You’re a factory owner and you’ve just been told you’ll be audited next week. What do you do? Here are some ideas from fellow factory owners: unblock the fire exits, hand out safety equipment, hide the child workers in a separate room, fiddle with the payroll records, install a fake toilet and warn employees exactly what will happen to them if they voice their concerns. Anyone can comply with a code of conduct – for a day.

10. Dying for cotton

Cotton’s a fragile little plant – it’s susceptible to about 1,300 types of worms, weevils and bugs. Farmers can’t afford to lose even a fraction of their crops, so they employ an arsenal of toxic pesticides. These are pretty lethal – one drop of Aldicarb (the second most popular one) absorbed through the skin is enough to kill an adult. And it does. The World Health Organization estimates up to 40,000 people die each year from pesticide poisoning and another million need hospital care.
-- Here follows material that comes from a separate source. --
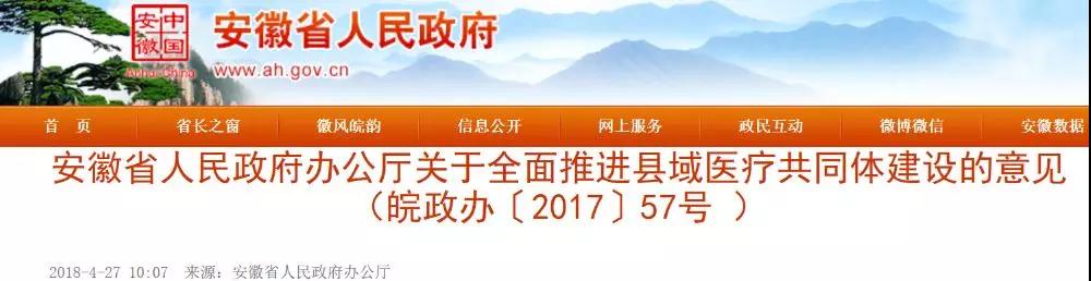 医药网5月2日讯 4月27日,安徽省政府官网发布《关于全面推进县域医疗共同体建设的意见》(下称意见)。《意见》显示,这份文件成文日期是2017年6月18日。

11. International back-scratching

Pesticides aren’t the only difficulty cotton farmers face – the global market is rigged in favour of First World producers. The US offers massive subsidies to its farmers, enabling them to sell their crops below the cost of production, thus undercutting other producers and pushing down the global price of cotton.

The scale of these subsidies is mind-boggling: almost $5 billion a year. That’s more than all US aid to Africa – and more than the total national wealth of cotton-reliant African nation Burkina Faso, says Fairtrade campaigner Harriet Lamb in her book Fighting the Banana Wars. It’s been estimated that getting rid of US subsidies would increase the income of West African farmers by five to 12 percent.

12. The vanishing sea

The problem with the Aral Sea is that it no longer exists. Well, not like it used to. It’s about 15 percent of the size it was in the 1980s, and its native marine life has completely vanished. Why? The two rivers that feed it have been diverted to irrigate Uzbekistani farms producing – you guessed it – cotton. As Lucy Siegle reports in To Die For, cotton’s a thirsty crop, requiring between 11,000 and 20,000 litres of water just to produce enough textile for one pair of jeans.

Comments

LB
 
Tue April 30, 2013 @ 05:40 PM
With the hideous disaster in Bangladesh, the call must go out for more ethical clothing practices in the West.  I read an interesting article which said how much we have embraced the free-range egg business to keep chooks healthy and happy, but we also purchase cheap clothes made by actual women and children in conditions just as bad as caged chickens. Makes you think about our priorities, doesn't it.